### Source data
[Start of section]
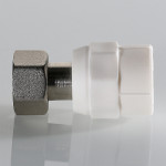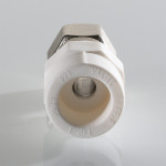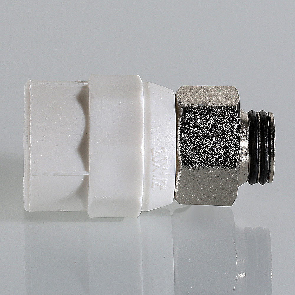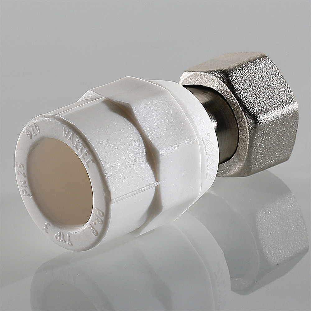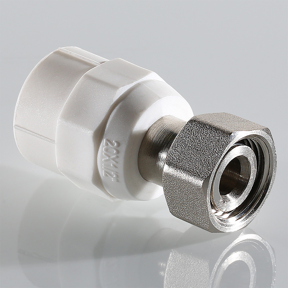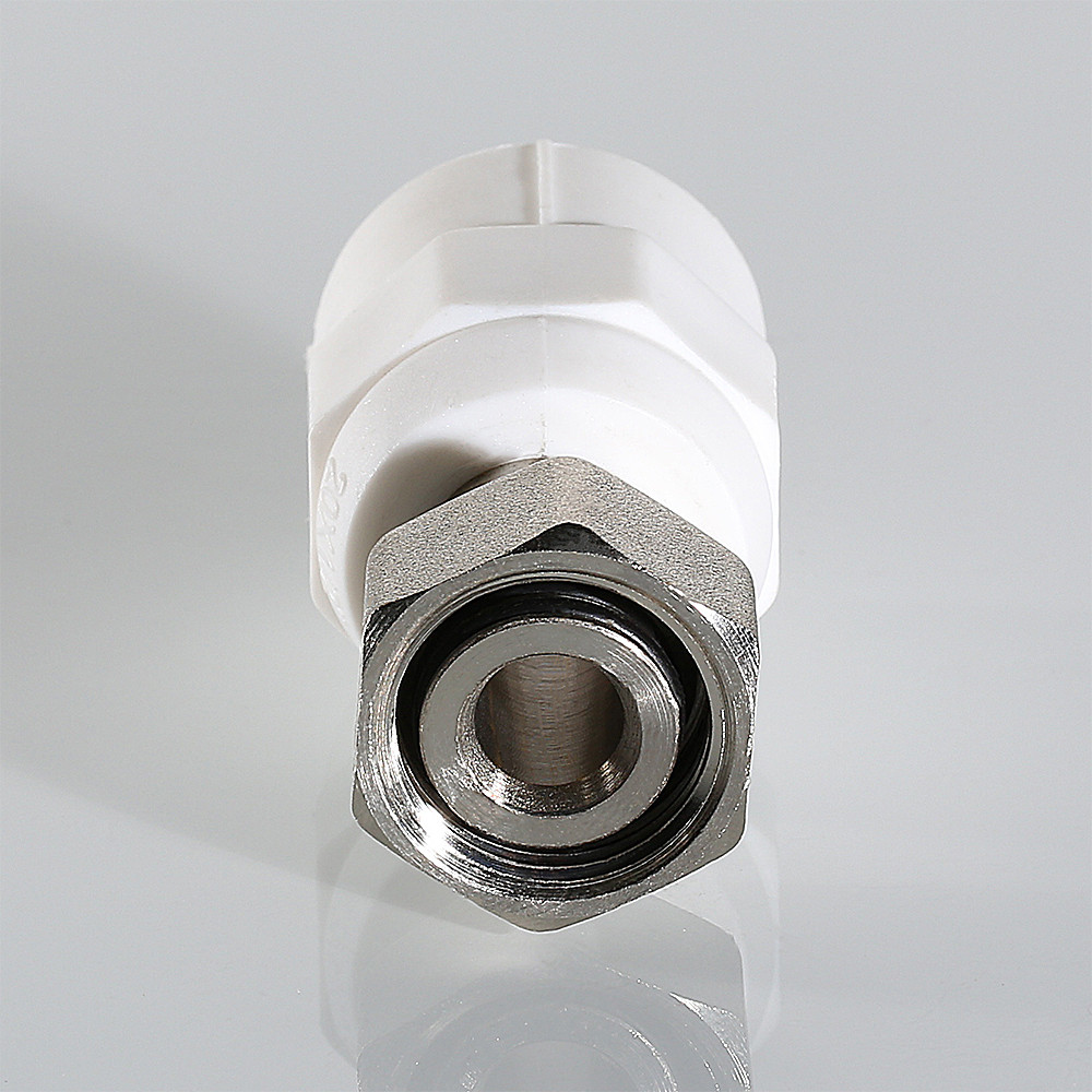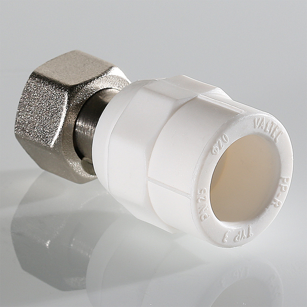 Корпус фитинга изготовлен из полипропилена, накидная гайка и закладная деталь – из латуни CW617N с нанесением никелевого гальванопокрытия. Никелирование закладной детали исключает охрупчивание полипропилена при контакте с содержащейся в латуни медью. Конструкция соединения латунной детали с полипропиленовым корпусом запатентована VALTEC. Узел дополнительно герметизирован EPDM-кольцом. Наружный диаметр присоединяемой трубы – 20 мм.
[End of section]
[Start of section]
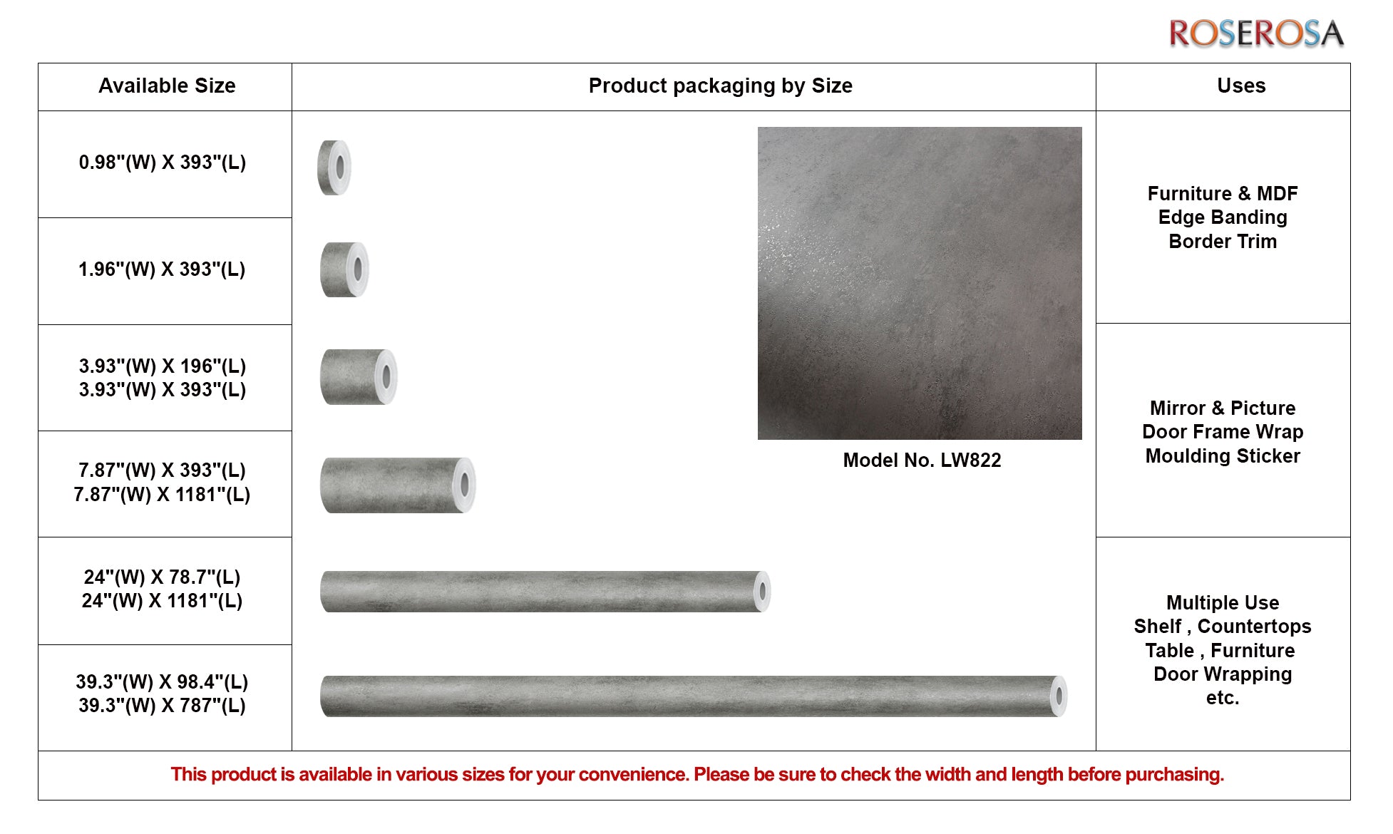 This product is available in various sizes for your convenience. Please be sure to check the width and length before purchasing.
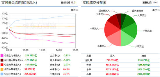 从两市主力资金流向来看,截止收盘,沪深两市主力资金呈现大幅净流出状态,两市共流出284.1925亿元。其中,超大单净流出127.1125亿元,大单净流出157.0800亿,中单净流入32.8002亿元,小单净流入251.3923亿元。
[End of section]
[Start of section]
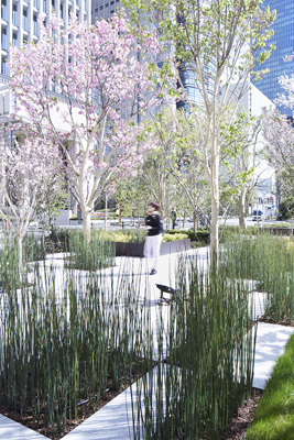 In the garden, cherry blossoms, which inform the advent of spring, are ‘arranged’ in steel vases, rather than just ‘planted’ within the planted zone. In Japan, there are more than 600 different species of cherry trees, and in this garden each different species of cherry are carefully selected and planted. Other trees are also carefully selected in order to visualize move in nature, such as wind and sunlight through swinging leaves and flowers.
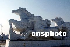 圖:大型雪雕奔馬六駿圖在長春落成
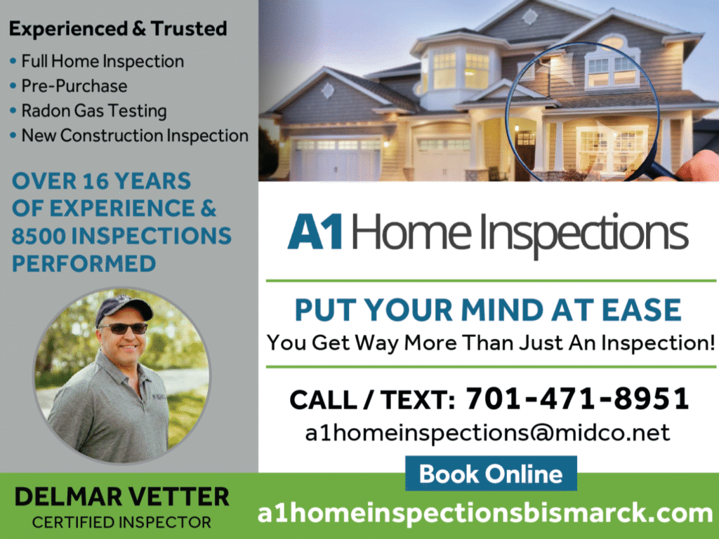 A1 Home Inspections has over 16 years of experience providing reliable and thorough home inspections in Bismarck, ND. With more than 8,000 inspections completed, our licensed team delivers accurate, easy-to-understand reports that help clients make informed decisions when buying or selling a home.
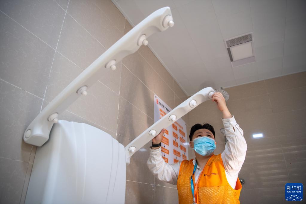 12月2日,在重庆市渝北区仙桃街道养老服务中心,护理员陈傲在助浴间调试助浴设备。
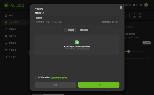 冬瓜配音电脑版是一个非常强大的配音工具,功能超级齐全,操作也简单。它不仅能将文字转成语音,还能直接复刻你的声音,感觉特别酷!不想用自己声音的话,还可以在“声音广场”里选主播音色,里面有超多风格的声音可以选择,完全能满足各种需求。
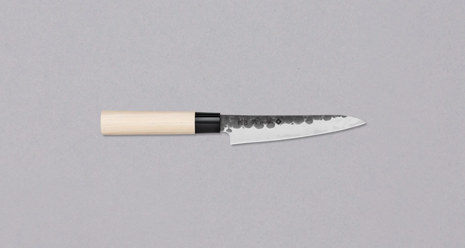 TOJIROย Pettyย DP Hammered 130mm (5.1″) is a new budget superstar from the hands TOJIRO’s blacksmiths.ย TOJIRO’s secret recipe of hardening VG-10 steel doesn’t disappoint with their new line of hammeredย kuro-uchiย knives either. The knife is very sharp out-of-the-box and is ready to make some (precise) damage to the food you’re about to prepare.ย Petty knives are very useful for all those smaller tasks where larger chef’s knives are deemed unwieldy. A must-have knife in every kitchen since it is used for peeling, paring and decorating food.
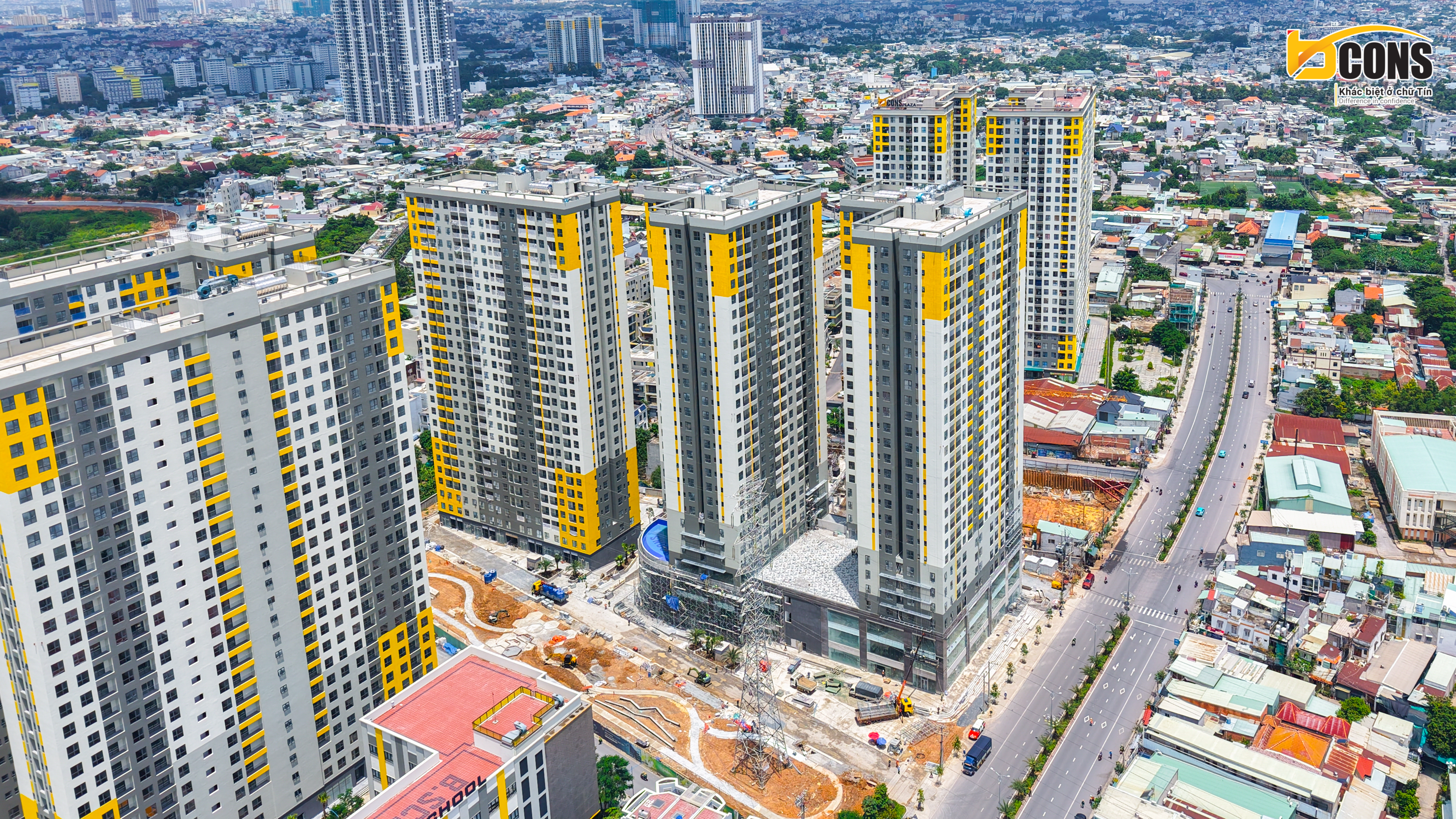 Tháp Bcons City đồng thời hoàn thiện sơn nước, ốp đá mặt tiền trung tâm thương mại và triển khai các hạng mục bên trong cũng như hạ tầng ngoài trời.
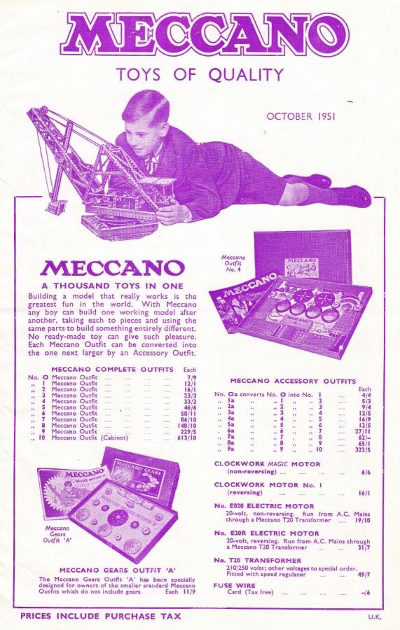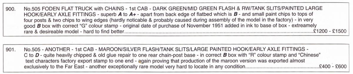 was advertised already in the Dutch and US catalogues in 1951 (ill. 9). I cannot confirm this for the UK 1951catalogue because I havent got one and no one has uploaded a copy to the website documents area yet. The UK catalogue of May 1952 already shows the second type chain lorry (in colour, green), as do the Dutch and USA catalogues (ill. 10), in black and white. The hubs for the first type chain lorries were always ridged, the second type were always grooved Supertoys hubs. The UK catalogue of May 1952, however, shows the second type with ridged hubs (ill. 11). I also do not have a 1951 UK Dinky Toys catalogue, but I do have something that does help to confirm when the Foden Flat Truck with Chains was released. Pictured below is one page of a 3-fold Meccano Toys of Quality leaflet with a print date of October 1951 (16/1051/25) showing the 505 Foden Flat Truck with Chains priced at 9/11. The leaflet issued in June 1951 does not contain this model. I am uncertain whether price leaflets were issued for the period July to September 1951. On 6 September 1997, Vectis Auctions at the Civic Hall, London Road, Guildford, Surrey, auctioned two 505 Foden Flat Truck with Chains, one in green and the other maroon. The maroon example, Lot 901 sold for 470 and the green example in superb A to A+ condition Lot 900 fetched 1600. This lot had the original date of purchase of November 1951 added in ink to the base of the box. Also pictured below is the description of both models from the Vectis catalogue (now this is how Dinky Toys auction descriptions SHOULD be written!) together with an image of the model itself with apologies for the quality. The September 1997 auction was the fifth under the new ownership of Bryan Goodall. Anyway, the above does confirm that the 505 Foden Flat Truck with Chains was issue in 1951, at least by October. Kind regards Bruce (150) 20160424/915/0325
[End of section]
### Task statement
Set down again, word for word, every line from the one with "This product is" to the one with "从两市主力资金流向来看,截止" in the entries above, and omit the pictures.

### Answer to this exercise
 This product is available in various sizes for your convenience. Please be sure to check the width and length before purchasing.
 从两市主力资金流向来看,截止收盘,沪深两市主力资金呈现大幅净流出状态,两市共流出284.1925亿元。其中,超大单净流出127.1125亿元,大单净流出157.0800亿,中单净流入32.8002亿元,小单净流入251.3923亿元。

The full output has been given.